He was staring at Faqir.
Hard.
Burning a damn hole into the side of the man's head.
Meanwhile, Faqir just kept his eyes glued to the horizon, acting like it was the most fascinating thing he'd ever seen. Like if he looked anywhere else, the world might fall apart.
So, of course, the silence got heavy.
Not awkward, but again, heavy.
A match between the two, waiting on who'd crack first.
And sure enough, Malik gave in.
He let out this long breath, leaned forward just a little, and asked:
"You ever think about choices?"
Faqir chuckled, but not like it was funny. More like it was stupid and painful.
"All the time... I'm too old not to."
Malik didn't smile.
"I mean, like… ones that cut. End lives."
Faqir sighed through his teeth.
"Yeah. I've made a few of those."
"Hm."
"Yeah."
"..."
"..."
Silence again, though only for a little.
Malik put his elbows on his knees.
"If you had to trade your life… for Yusuf's. No second chances. No promises of glory or peace or any of that. Just you, dead. Him, alive. Are you doing it?"
Faqir didn't answer at first.
He exhaled slow, blinked his eyes, and nodded.
"I'd want to say yes."
Malik squinted at him.
Faqir kept going:
"But it isn't about want. It's about can. Can I do it knowing he might hate me for it? Knowing he might not even know what I gave up?"
Malik's jaw clenched.
Faqir finally looked at him.
"You're not asking about me, brother."
Malik didn't deny it.
"You got something eating at you, burning behind your heart. And you think a sacrifice might fix it."
Malik nodded once.
Faqir tapped his knees.
"I can't tell you if it's worth it. Maybe it is. Maybe it's just another rock in your belt while you're drowning."
Malik blinked, and Faqir shrugged.
"Only you know what you're willing to lose."
Just then, Yusuf stepped out from behind some half-busted crate, brushing dust off his sleeves like he hadn't been eavesdropping the whole time.
"Hey..."
He looked at the two of them.
"How'd you know there was gonna be a sandstorm in my dad's battle?"
Faqir's eyebrow lifted slightly, but he didn't say anything.

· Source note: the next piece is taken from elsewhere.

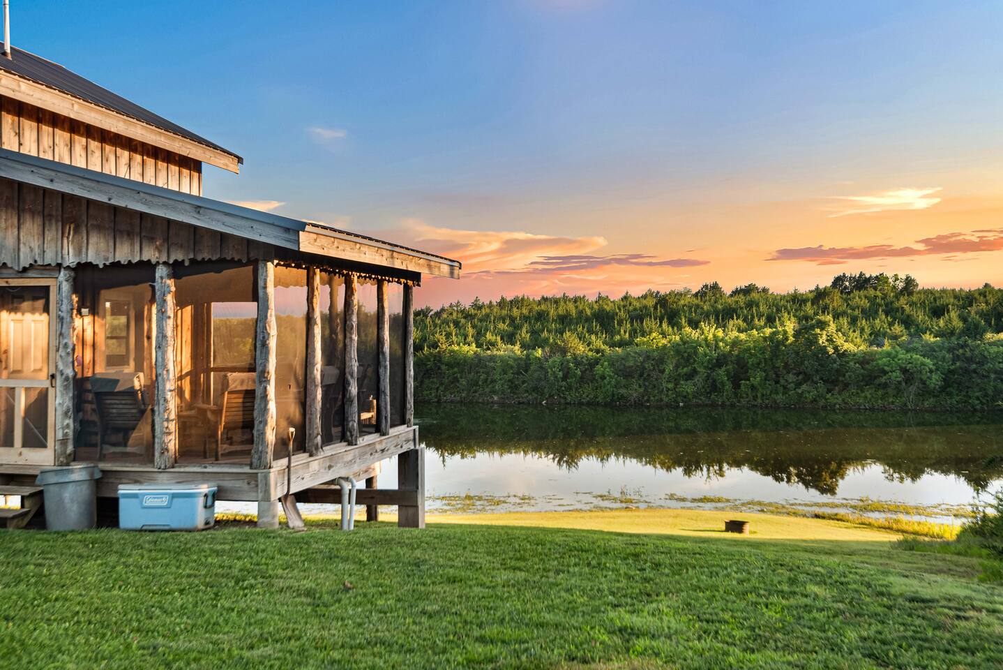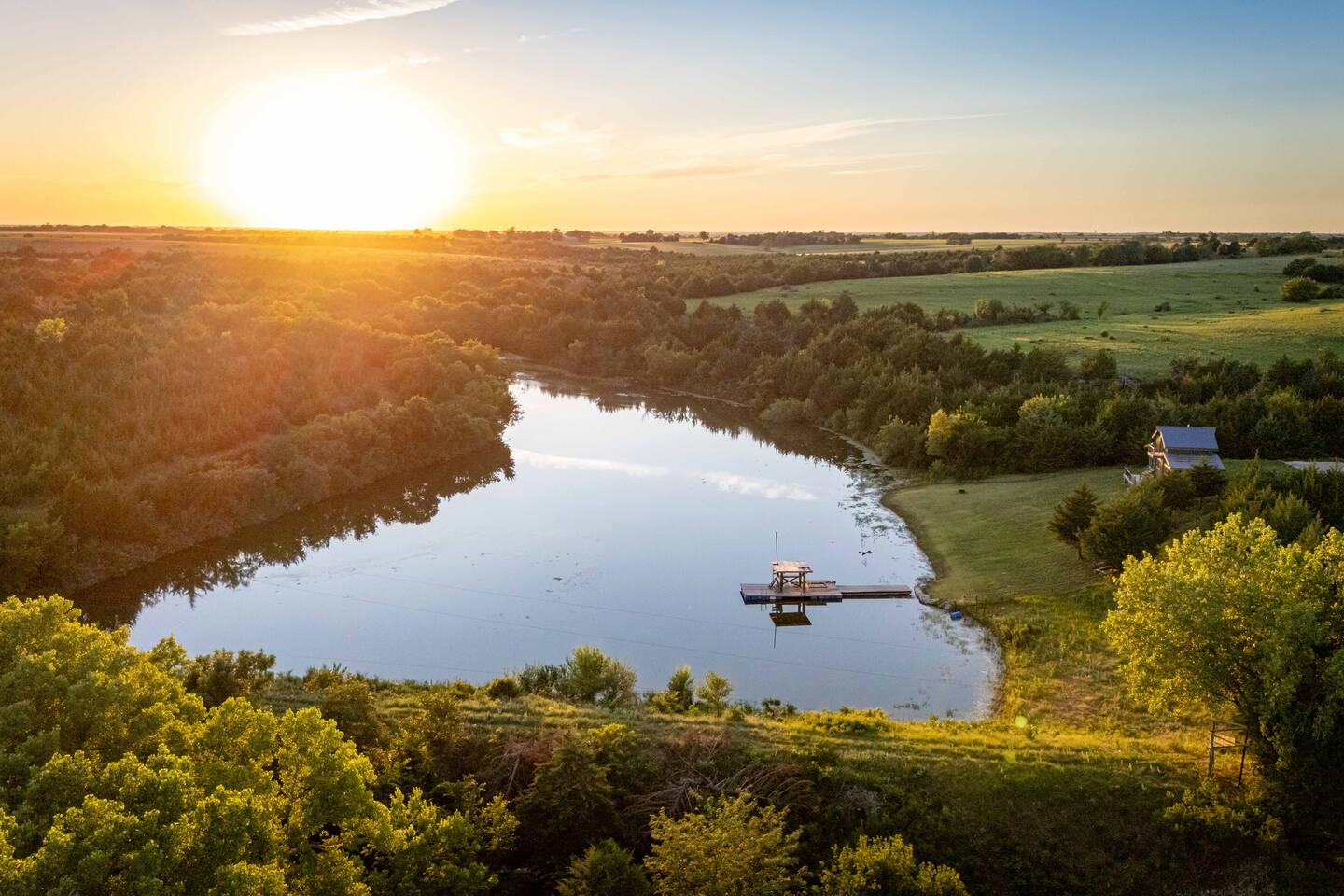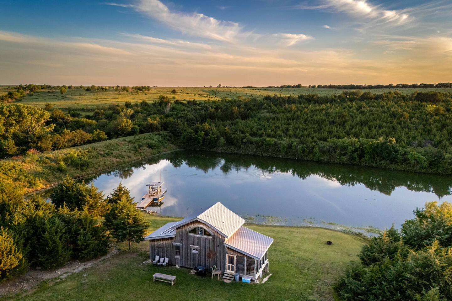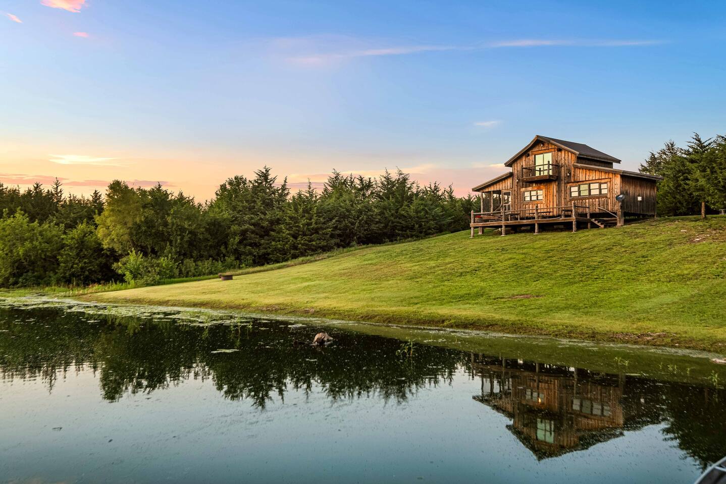 The cabin sits in the middle of 400 acres of pasture. Cattle are grazed there six months out of the year. You are welcome to roam wherever you'd like. We just ask that you stay inside the fence. The owners do live on the property, but their house is at the other end of the pasture and not visible from the cabin. Feel free to swim and fish in the pond! Catch and release fishing only, though! Life jackets MUST be worn by ALL while down on the dock and on watercraft.

He just turned his head the tiniest bit toward Malik. Waiting.
Malik, meanwhile, looked at Yusuf with that unreadable, tired expression he wore too well.
"Storms... They follow certain patterns. When you've been around them long enough, you start to notice them."
Yusuf squinted, not quite buying it but not ready to call it out either.
"Huh," he said after a beat. Then, with a half shrug, he turned and jogged off.
Faqir watched him go, then looked at Malik.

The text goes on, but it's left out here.